I’ve kept a budget with details of all my purchases for a while, so it’s easy to have a look at how much this shopping habit has cost. Turns out I was averaging about £730 a year on clothes. That’s about £60 a month.

In 2017, I somehow spent over £1,100. This number seemed outrageous to me when I first saw it, but then I looked at the breakdown of purchases, and it was easy to see things adding up. £30 at H&M here, £50 at Schuh there – and then a £200 spree at Urban Outfitters after I’d had a rubbish day at work. Retail therapy was definitely a thing for me.

Since swearing off fast fashion and only buying second-hand, I’ve spent about £20 a month on clothes. I’m spending more time in the shops (more out of fun than necessity), but a lot less money. I can live with that.

There’s also the thrill of the lucky find. I scored a £300 coat for a tenner this week! It’s not exactly weather-appropriate right now, but when autumn rolls around again, I’ll be so ready.

Getting out of my comfort zone

I am a cautious person by nature, and this definitely affected how I used to shop for clothes. I’d eye up interesting outfits on mannequins or Pinterest, but when it came to deciding what to buy, I’d go with what I knew – same shops, same fits, same basics.

Charity shops have forced me to get out of that rut a bit. Rifling through the racks, I find clothes that I wouldn’t normally consider looking at. And sometimes I realise I actually like them. For example, I’ve bought:

  • a silky shirt with two bizarre, melty-looking leopards on the back
  • bright red culottes
  • some very Spice Girls cargo pants
  • an amazing oversized tee featuring skeletons on motorbikes (great for sleeping in)

I really enjoy wearing all these things, and I don’t think I would have bought them if it hadn’t been from a charity shop.

It’s also a lot easier to take a fashion risk when the item is only £3. If I find I don’t end up wearing something, I can always just donate it again. And that’s a very different feeling to that old buyer’s remorse of spending £100 on some shoes that turn out to be a little too uncomfortable.

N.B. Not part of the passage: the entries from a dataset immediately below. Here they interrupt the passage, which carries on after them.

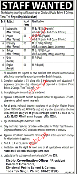Latest Government Teaching Posts Toba Tek Singh 2025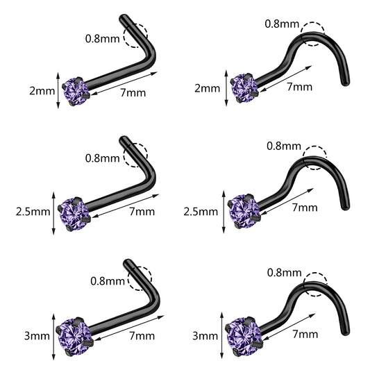 20G Violet Crystal Nose Rings L Shape Nose Ring Black Nose Corkscrew Piercing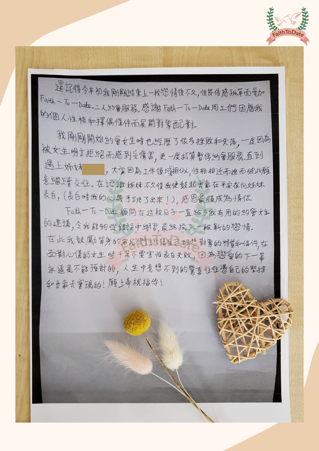 感謝FaithToDate 同工們因應我的個人性格和擇偶條件而展開對象配對。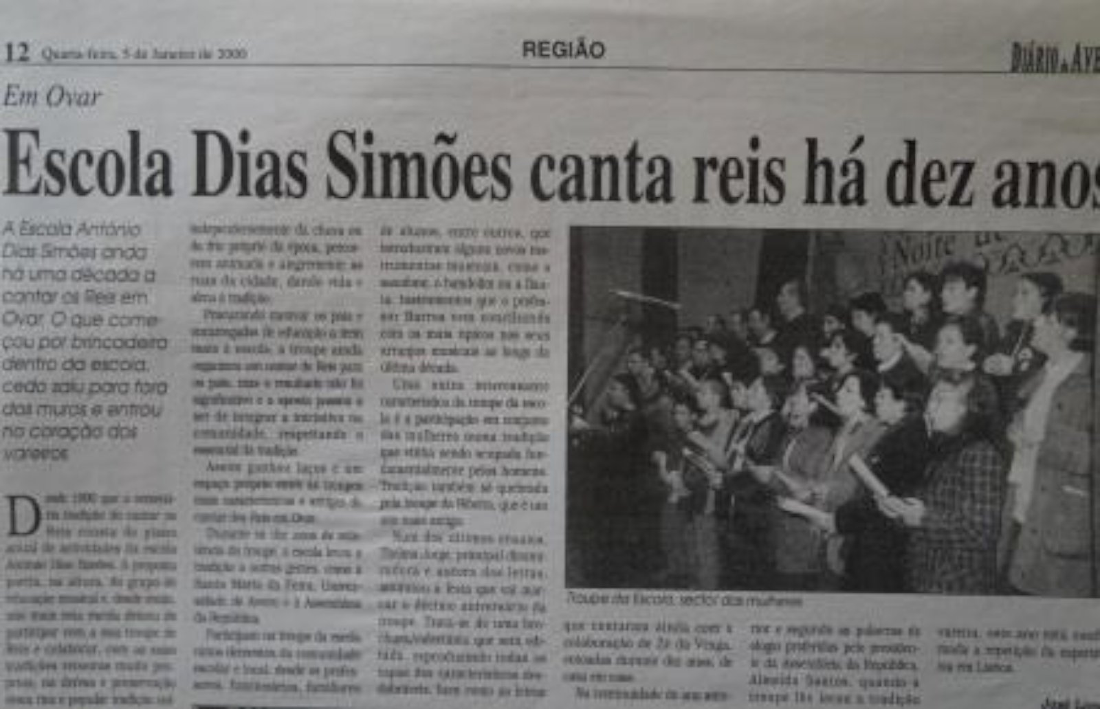 Do lote de Troupes de Reis que se consolidaram e chegaram aos dias de hoje como elementos fundamentais deste património cultural, destacou-se pelos contributos na renovação e afirmação da tradição a Troupe de Reis da Escola EB 2,3 António Dias Simões, que foram “Novos embaixadores reiseiros” (J.O., 08/01/1999) ao deslocar-se à Assembleia da República no mesmo dia em que a JOC-LOC cantou para o então Primeiro-ministro António Guterres, “Reis na Capital” (J.O., 08/01/1999). Mas a “Troupe de escola de Ovar há 10 anos a cantar os Reis” (J.N./p.l., 29/12/1999), acabaria por ficar pelo caminho.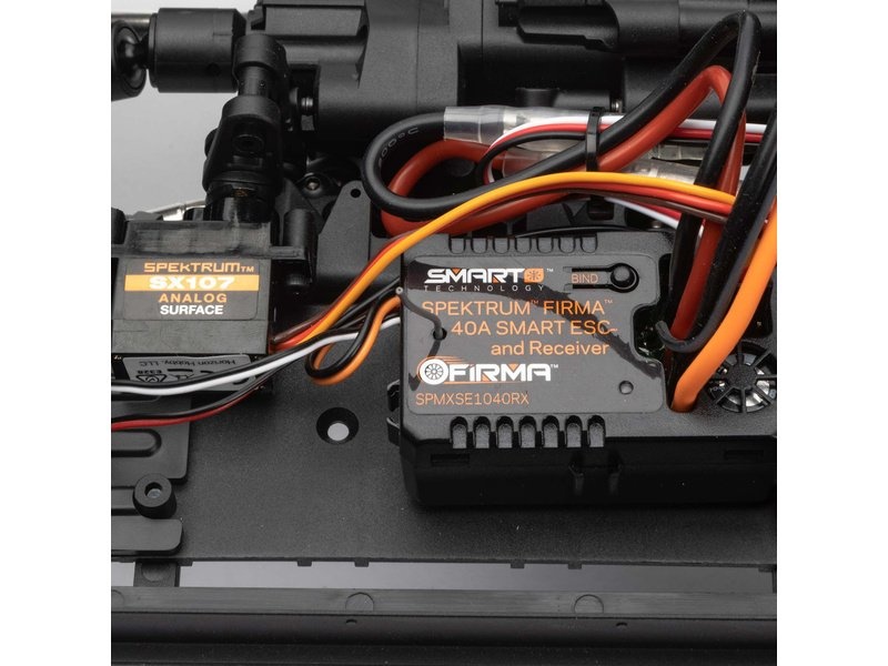 Plně sestavený RC model auta RTR je dodáván s vysílačem Spektrum™ DX3™ s exkluzivní technologií DSMR® pro vynikající dosah, odezvu a odolnost proti rušení. Je také kompatibilní s telemetrií SMART díky nainstalovaným komponentům, regulátoru Spektrum Firma™ Smart 40A a přijímačem. Pomocí sady LiPol baterií Spektrum Smart můžete sledovat kapacitu baterie na monitoru vysílače při jízdě za každého počasí a různých podmínek na trase - elektronika je chráněna voděodolným nástřikem.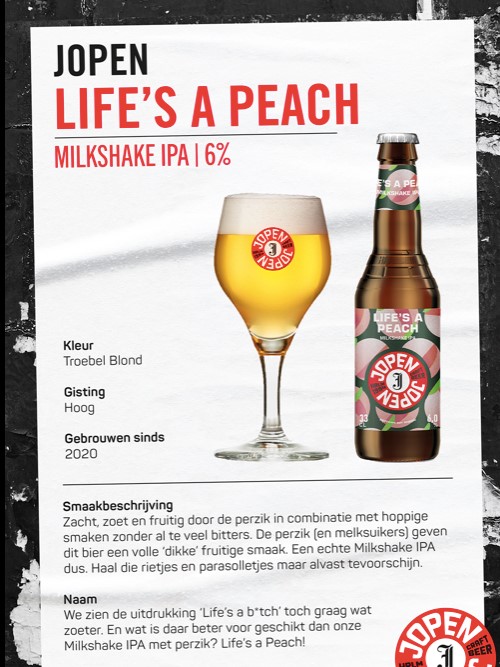 “Zacht, zoet en fruitig door de perzik in combinatie met hoppige smaken zonder al te veel bitters”, zegt de brouwerij zelf. De perzik en de melksuikers geven het bier z’n volle, fruitige smaak.

That said, I do still buy plenty of ‘safe’ clothes in charity shops as well. Just ask me how many stripy tops I’ve got. (Please don’t.)

Close-up on a silky top with two badly-painted leopards
Bow before the majesty of the Melted Leopards!

Sticking points

I haven’t bought any shoes in about 18 months. Charity shops just don’t tend to have a big shoe selection. I don’t have a ton of shoes anyway (7 pairs, including sandals, running shoes and hiking boots) and the ones I have now seem to be lasting. But when the time comes, I may have to try my luck on Depop and hope I don’t get burnt by dodgy sellers again.

I’ve also excluded socks and underwear from my second-hand spree, because frankly that’s a very different market.

But there are some things I thought I’d have to make an exception for that have actually worked out. The best example is probably athletic gear. It turns out several of my local charity shops are packed with barely-worn gym tops and leggings. It’s pretty common for people to resolve to work out, buy some workout clothes and then never actually use them. (I have also been this person, I get it.)

I should acknowledge that I am lucky to have the time and ability to putter around all these shops, and that the sizes I wear are easy to find – I realise this won’t be as convenient for everyone.

Also, for a lot of people on a budget, charity shopping is a necessity, rather than an ethical decision. So maybe what I should actually do is back off the bargains and make do with the clothes I already have. I don’t know, ethics are hard! I’m working on it.

In conclusion

Thank you, charity shops! You’re great, and I’ll fight anyone who complains about you ‘taking over the high street’. No stripy top will make it to the landfill while I’m around.

And neither will the melted leopards. I will protect the leopards at all costs.